Dada a crise sanitária que estamos passando, o consumo artístico também subiu. Segundo um estudo elaborado pela Conviva, plataforma de monitoramento de streaming, a audiência dos serviços de streamings de audiovisual (Netflix, Amazon Prime Video, HBO Go, etc.) cresceu 20% desde o início da pandemia, e, se comparado ao primeiro trimestre de 2019, os três primeiros meses de 2020 apresentaram um aumento de 79% em horas vista sob demanda. Outro levantamento, realizado pelo DeltaFolha, que analisou músicas do Top 200 do Spotify em 34 países, constatou que o Brasil é onde a variação de tristeza foi a maior desde o começo da quarentena. O consumo de música cresceu 15% no Brasil, de acordo com a lista de mais ouvidas no Spotify.
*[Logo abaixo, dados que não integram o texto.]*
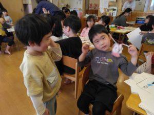 ペンダントを渡すときに年長さんの笑った顔を見たり「ありがとう」とお礼を言ってもらったりして、ちょっぴり照れていたみんなでした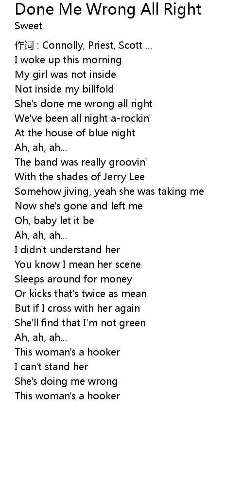 | She' s done me wrong all right | |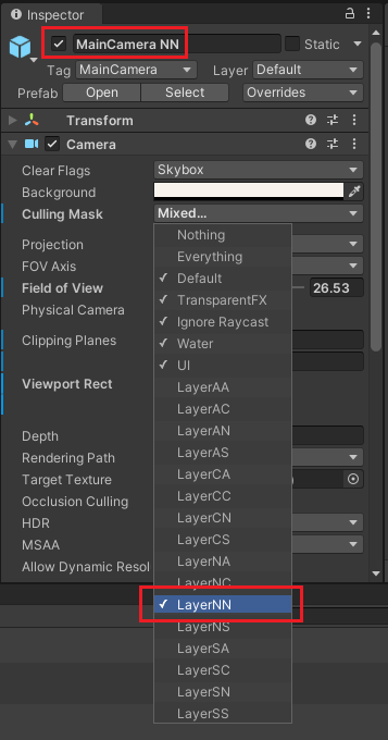 MainCamera NN은 16개의 Layer 중 Layer NN만 본다.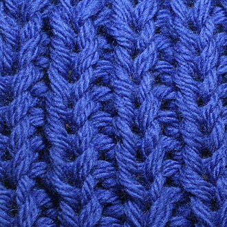 In knitting, ribbing is a pattern in which vertical stripes of stockinette stitch alternate with vertical stripes of reverse stockinette stitch. These two types of stripes may be separated by other stripes in which knit and purl stitches alternate vertically; such plissé stripes add width and depth to ribbing but not more elasticity.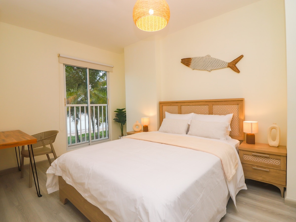 Cozy beachfront apartment fully furnished and equipped just 30 kilometers from Panama City. The apartment has the best residential location as it is steps from the beach club (swimming pool, slides, sand volleyball court, the beach, etc.). When staying with us we include complimentary access to the club where you can enjoy all its amenities. The club opens Tuesday through Sunday from 8am to 6pm, the slides close at 5pm.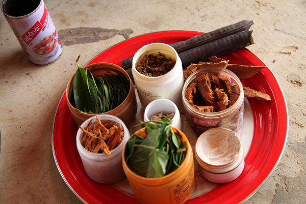 包燒鮮魚:布朗族的一道特色菜,原料主要是小魚、辣椒粉、姜蒜、野茶椒粉、芫荽等。制作時,先把魚剖開、洗凈,將各種佐料切細拌勻后填入魚腹內,在魚身上抹少許食鹽,再用鮮芭蕉葉包裹嚴實,用竹筒捆扎成包,放在火塘內的炭火下面焐燒,燒熟即可食用,鮮香俱備,味美可口。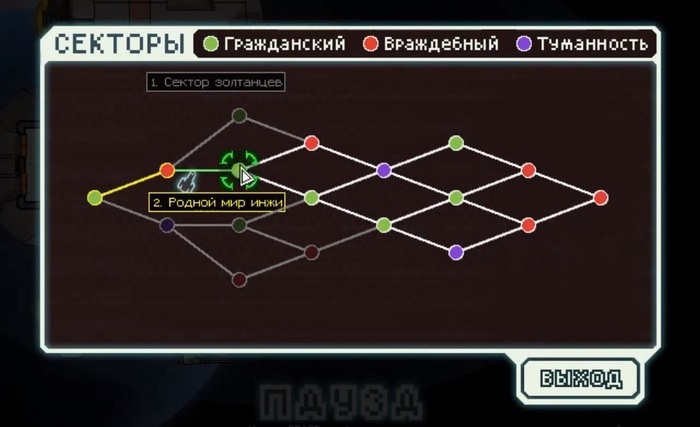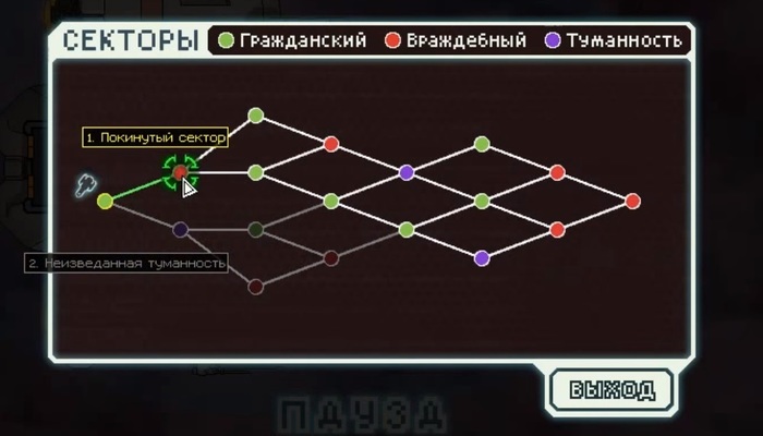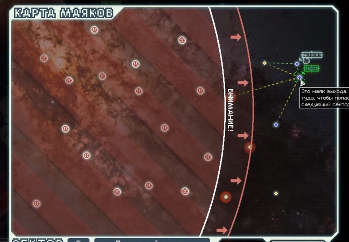 Через еще несколько скачком по системам и парочкой потасовок с пиратами мы наконец добрались до выхода в соседний сектор. Туманность или враждебный сектор? Мой выбор враждебный сектор. Не люблю туманности. Там половина модулей бывает не работает. К черту их.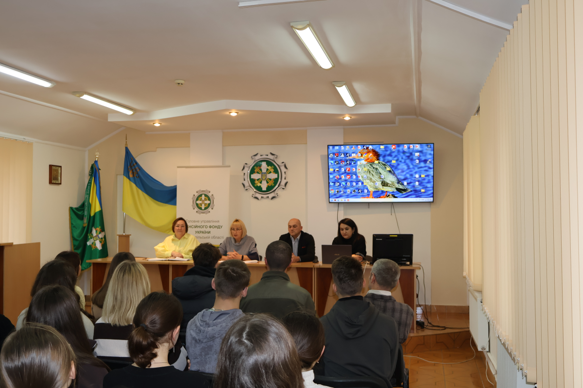 Під час зустрічі Алла Якубовська, перший заступник начальника Головного управління, ознайомила студентську молодь із головними напрямами роботи Головного управління; формуванням бюджету Пенсійного фонду України, основними аспектами функціонуванням солідарної та накопичувальної систем пенсійного страхування, розширенням функцій Фонду щодо призначення і виплати субсидій та пільг на оплату житлово-комунальних послуг, страхових виплат, державних соціальних допомог. Окрім цього, проінформувала про послуги, які надаються спеціалістами в сервісних центрах під час прийому громадян. Зокрема, Алла Якубовська зазначила, що в органах Пенсійного фонду України постійно відбувається трансформація державних послуг задля задоволення потреб та очікувань громадян. Також фахівець звернула увагу на важливість набуття страхового стажу для отримання права на пенсійне та соціальне забезпечення, можливості добровільної участі у загальнообов’язковому державному пенсійному страхуванні й необхідності офіційного оформлення трудових відносин при працевлаштуванні.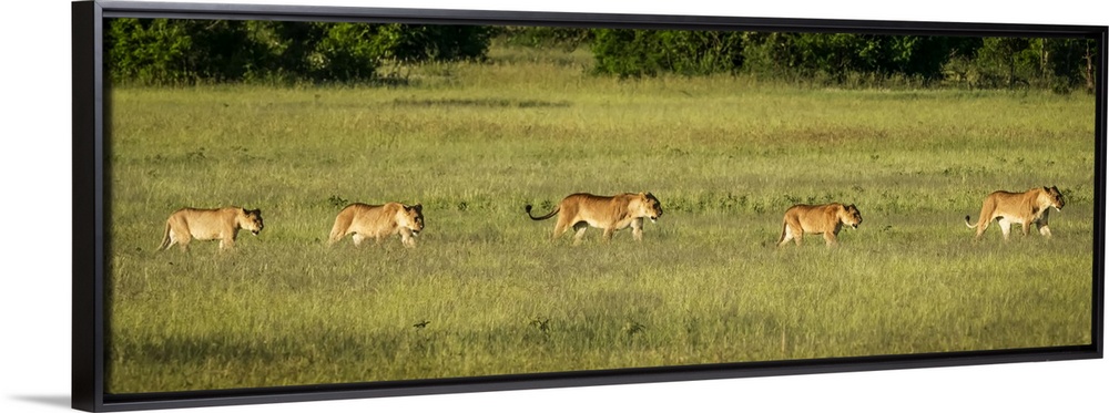 <p>Panorama of two lionesses and three cubs (Panthera leo), Grumeti Serengeti Tented Camp, Serengeti National Park; Tanzania</p>

(Foto: Hagen Hopkins/Getty Images)

De fato muita coisa mudou no mundo desde 1999, mas acima de tudo, passamos a dar uma atenção maior à importância da conservação da saúde mental, ainda mais em um período de isolamento social. Sabemos que a arte pode funcionar como uma espécie de refúgio, seja para distração, conscientização ou identificação. O ser humano se desenvolveu durante toda história com a arte, é impossível a saúde estar dissociada dela.

The Fragile lida com a realidade vivida por um homem em um período com pouca discussão sobre o assunto. Em quase duas horas, Trent Reznor demonstra toda sua fragilidade da forma mais honesta possível, caminhando por uma infinidade de sensações que refletem a turbulência de um momento delicado de sua vida.

O que é mais potente e permanece com o ouvinte após essa experiência, é a identificação. O entendimento de que o sofrimento não é algo apenas nosso. É reconfortante e nos traz menos solidão. E não apenas quem vive a depressão consegue se relacionar com cada palavra dita. Por mais difícil que seja a experiência, a dimensão musical aqui se estende para todo e qualquer indivíduo de uma forma empática, de modo a criar uma maior atenção com a saúde mental alheia. 

Os tempos são difíceis. Continuamos isolados e distantes fisicamente de pessoas com as quais nos importamos. A crise sanitária ainda se demonstra presente. Nessas horas, a compreensão de que partilhamos a dor nos lembra que isso faz parte do ser humano e que não estamos sozinhos. Como o próprio Reznor ressaltou em 1999: “nós vamos passar por isso de alguma forma“.

Trent, inclusive, acabou de ganhar um Emmy pela trilha sonora de Watchmen.